次に、呼吸を確認しましょう。横に寝かせてお腹と胸が上下に動いているかどうかを確認します。もし、呼吸をしてないようであれば人工呼吸の必要があります。
まずペットを横向きに寝かせます。片手でペットの口の両端を押さえて、空気が漏れないようにします。そしてペットの鼻の穴に口を当てて、ゆっくりと空気を吹き込みます。そのときにペットの胸が同時にゆっくりと膨らむのを確認しながら行いましょう。3秒くらいでふきこみ、5秒待つ、というのを1分ほど繰り返したあと、次の1分は自力で呼吸をするかどうかを観察しましょう。もし呼吸が戻らなければ、再び人工呼吸を続けます。
人工呼吸を行いながら、なるべく早く動物病院に連絡し、次の指示を仰ぐようにしましょう。


☆もし、やけどをしてしまったら☆

もし、落ちてしまったお湯が40度以上の熱いお湯の場合は、すぐに全身に水をかけて冷やします。

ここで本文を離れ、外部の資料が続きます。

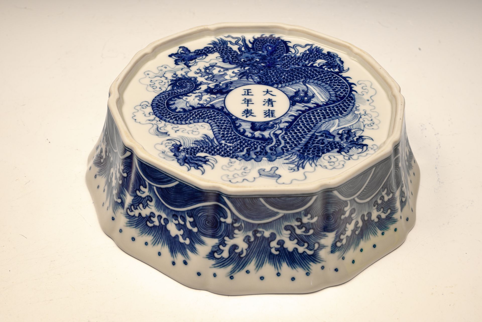 Cincin sikat berlobus biru dan putih yang istimewa ini, ditandai dan diproduksi selama periode Yongzheng di Dinasti Qing, merupakan contoh seni dan keahlian yang luar biasa. Karya ini menampilkan detail yang rumit, dengan bagian dalamnya menampilkan dua naga yang saling berhadapan melingkari mutiara yang menyala. Bagian luarnya dihiasi dengan pola gelombang yang dibuat dengan sangat teliti, sementara bagian dasarnya dihiasi dengan seekor naga tunggal di tengah gelombang, melingkari enam karakter Yongzheng dalam sebuah lingkaran yang terpisah. Perhatian seniman yang luar biasa terhadap detail terlihat jelas dalam pengaplikasian kobalt yang presisi, serta komposisi dan bayangan yang seimbang yang diterapkan di seluruh karya. Cincin sikat Yongzheng ini berdiameter sekitar 7 3/4 inci. ppjrs
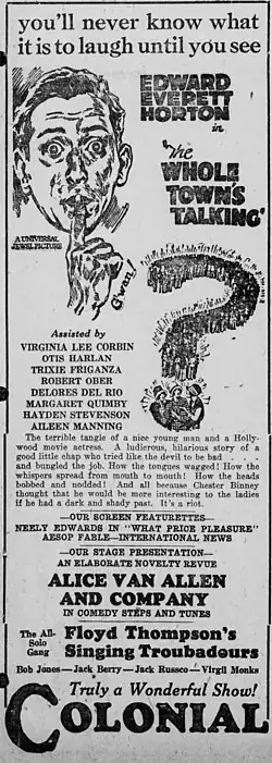 The Whole Town's Talking is a 1926 American silent romantic comedy film directed by Edward Laemmle and starring Edward Everett Horton, Virginia Lee Corbin, and Trixie Friganza. It is based on a play by Anita Loos and John Emerson, which in turn is based on a play by Franz Arnold and Ernst Bach.[1][2]
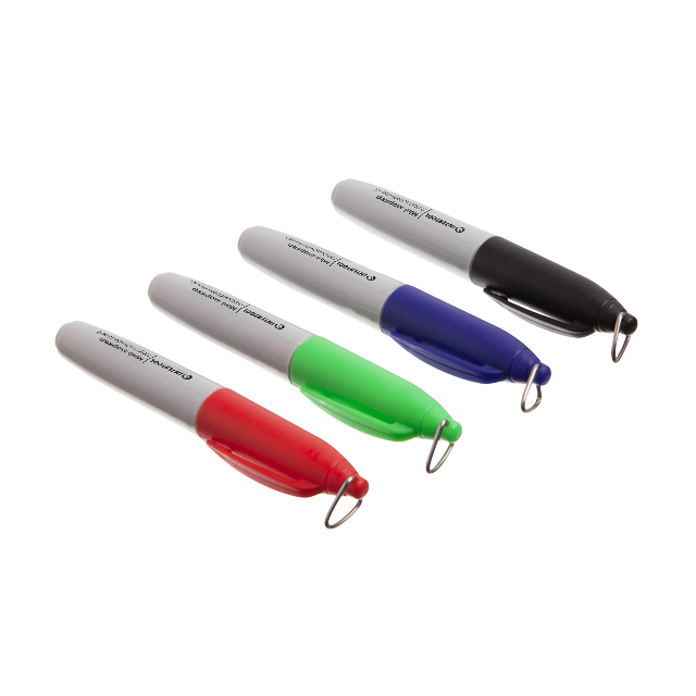 Залишають помітний, яскравий слід, а чорнила не роз'їдають поверхню, на яку нанесено напис. Повісьте маркер за верхнє кільце до ключів, як брелок, і він завжди у вас під рукою.
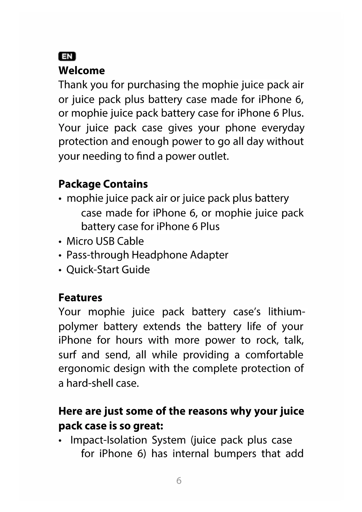 Thank you for purchasing the mophie juice pack air or juice pack plus battery case made for iPhone 6, or mophie juice pack battery case for iPhone 6 Plus. Your juice pack case gives your phone everyday protection and enough power to go all day without your needing to find a power outlet.
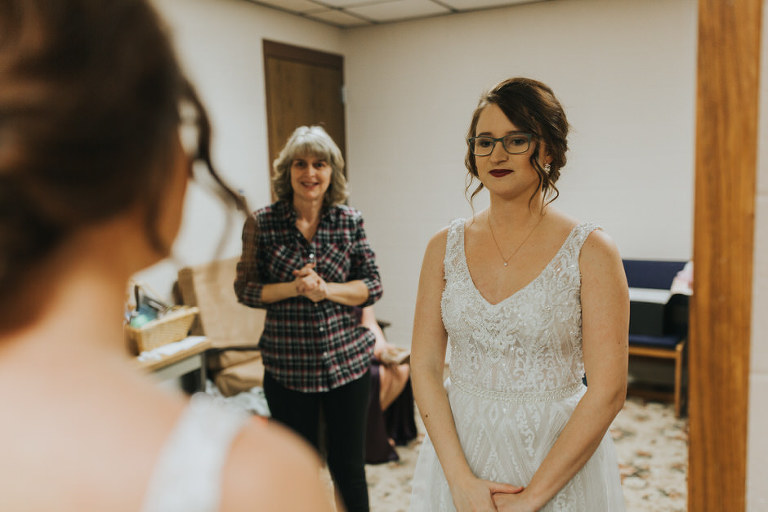 Kate, her sister, mother, and grandmother found the dress at Bridal Gallery in Grand Rapids. On a whim, Kate decided to try on a dress her sister picked out, even though they almost never like the same style of clothing. It was a good thing I tried it on because it was everything I didn’t think I wanted, but I loved it. Sometimes, you just have to go outside of your norm to find something fabulous.
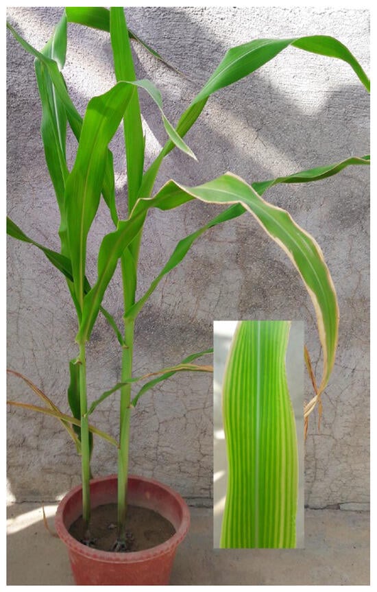Typical symptoms of boron toxicity and salinity stress in maize. Exposure to excess boron and salt resulted in yellowish strips on leaves and necrosis of the leaf margins and tips with a subsequent decline in foliage mass.
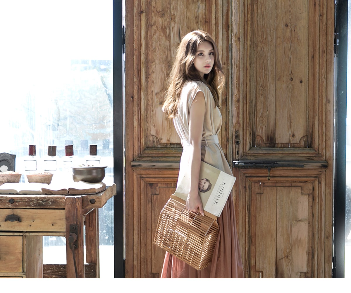 A-934 콜린 우드 버킷백 Beige
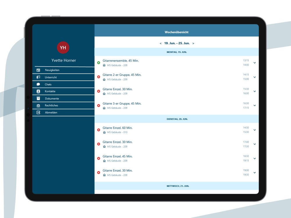 Zusätzlich erhalten Sie zahlreiche Informationen über die Musikschule und können auch direkt mit der Musikschule kommunizieren.

そして、濡れたタオルで全身をくるんで、すぐに動物病院に連れて行きましょう。ペットは全身を毛で覆われているため、やけどの状態がよく分からないことがあります。一見なんでもなさそうでも、数日後に皮膚のダメージが出てくることもあるため、必ず病院で詳しく見てもらいましょう。


☆もし、洗剤を舐めてしまったら☆

石鹸やシャンプーなどを舐めてしまったようなら、水や牛乳をスポイトなどで飲ませることによって少しは薄めることができますが、カビ取り剤や漂白剤などは刺激性と毒性が強いため、一刻も早く動物病院に連れて行って処置をしてもらわないといけません。



ペットの危険というのは意外な場所に潜んでいます。おうちの中だから安心、と思わずに常に想像力を働かせてペットの事故を未然に防ぐようにしましょう。